>>>

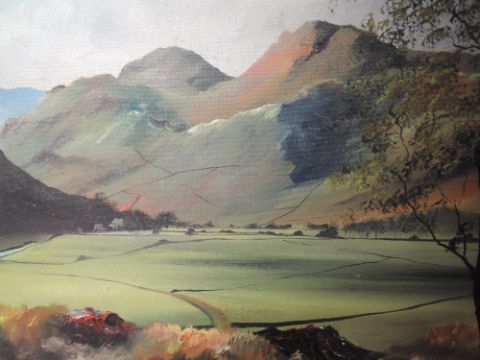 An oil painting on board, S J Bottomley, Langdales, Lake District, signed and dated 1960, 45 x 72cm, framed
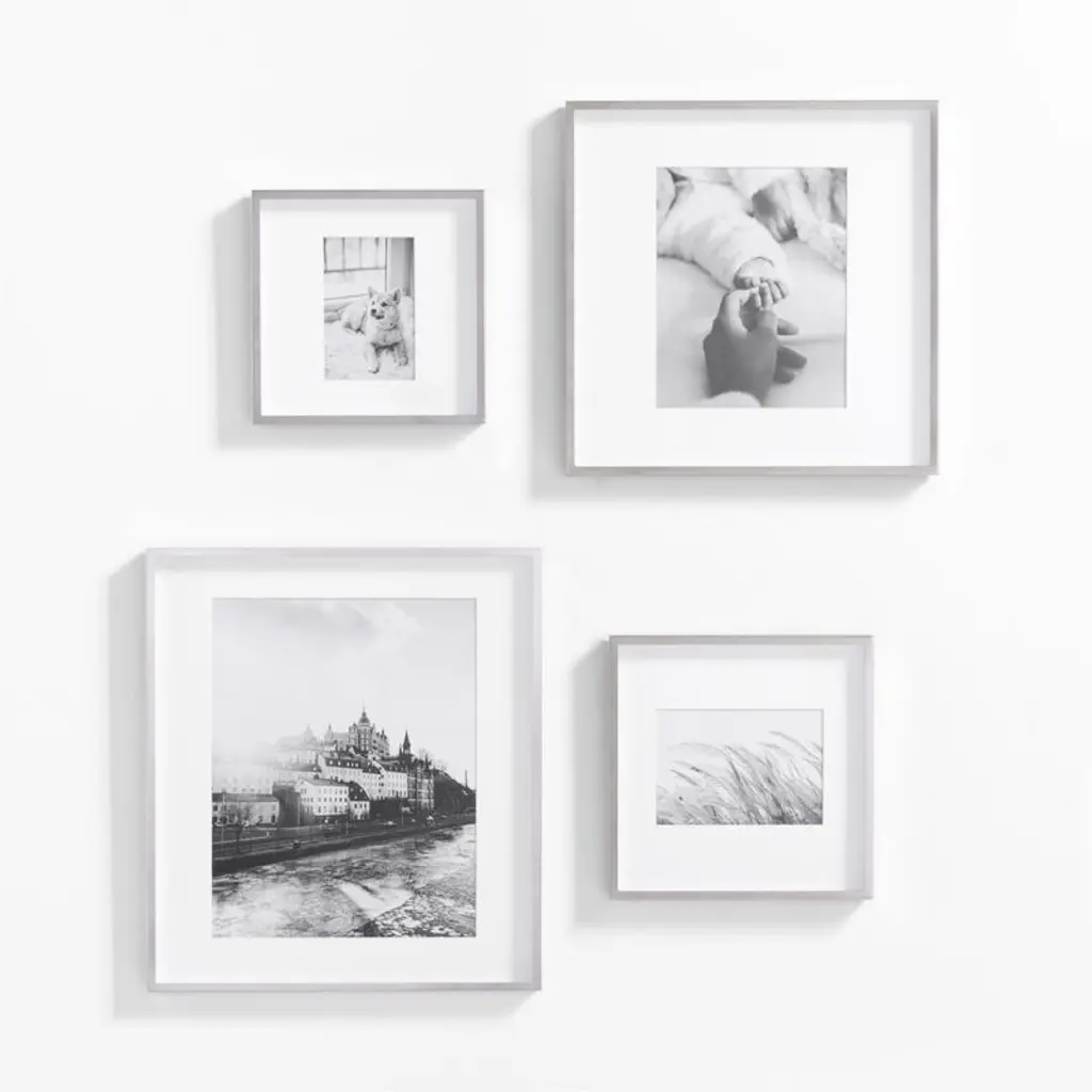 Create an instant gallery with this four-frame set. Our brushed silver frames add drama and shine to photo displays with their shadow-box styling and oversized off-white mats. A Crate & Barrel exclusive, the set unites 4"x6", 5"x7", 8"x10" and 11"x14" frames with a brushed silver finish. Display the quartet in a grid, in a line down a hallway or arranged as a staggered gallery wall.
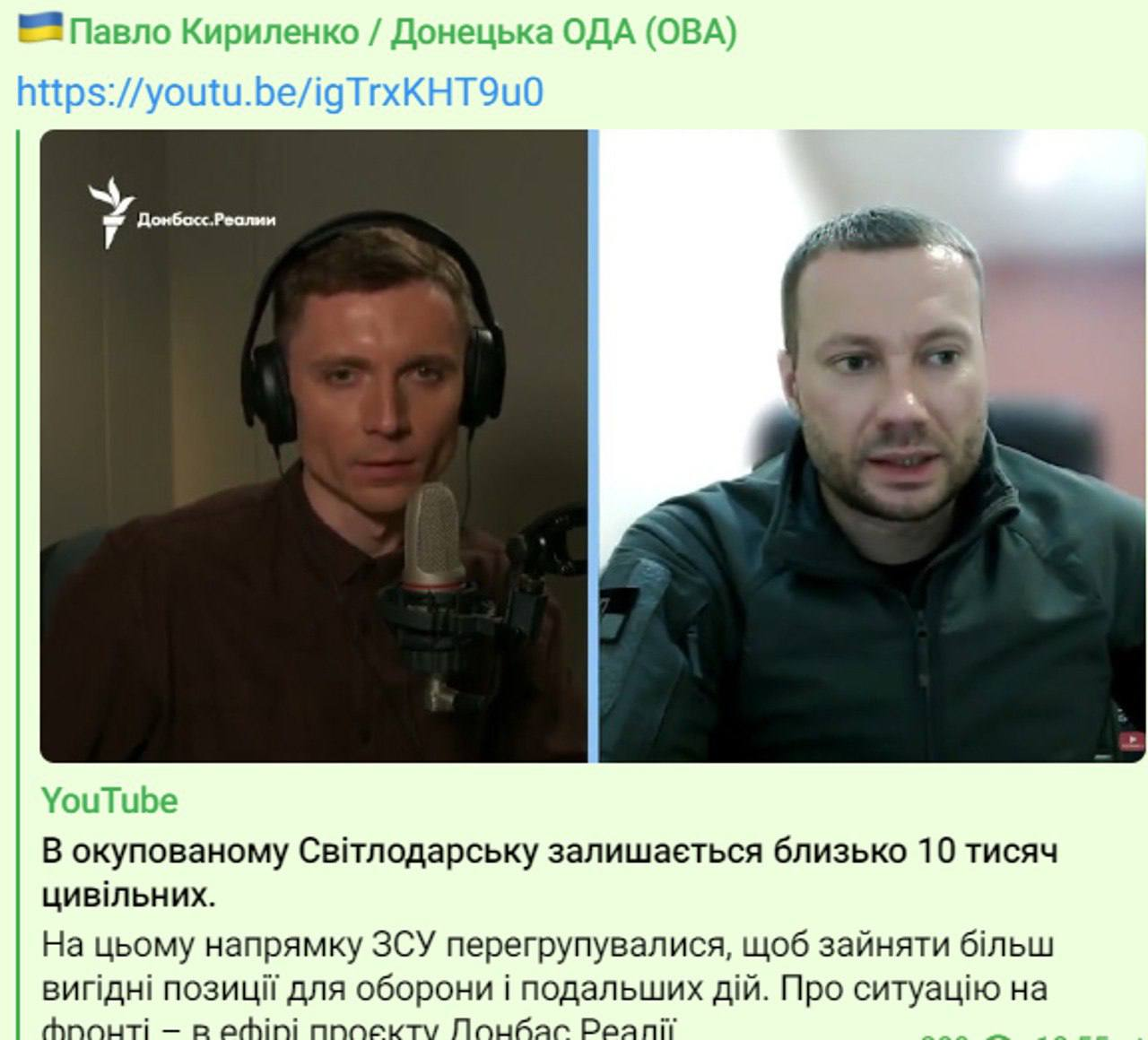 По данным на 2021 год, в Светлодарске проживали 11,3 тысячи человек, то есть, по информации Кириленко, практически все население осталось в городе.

<<<

Drop the pictures and copy the data exactly.

RESPONSE BOX:
 An oil painting on board, S J Bottomley, Langdales, Lake District, signed and dated 1960, 45 x 72cm, framed
 Create an instant gallery with this four-frame set. Our brushed silver frames add drama and shine to photo displays with their shadow-box styling and oversized off-white mats. A Crate & Barrel exclusive, the set unites 4"x6", 5"x7", 8"x10" and 11"x14" frames with a brushed silver finish. Display the quartet in a grid, in a line down a hallway or arranged as a staggered gallery wall.
 По данным на 2021 год, в Светлодарске проживали 11,3 тысячи человек, то есть, по информации Кириленко, практически все население осталось в городе.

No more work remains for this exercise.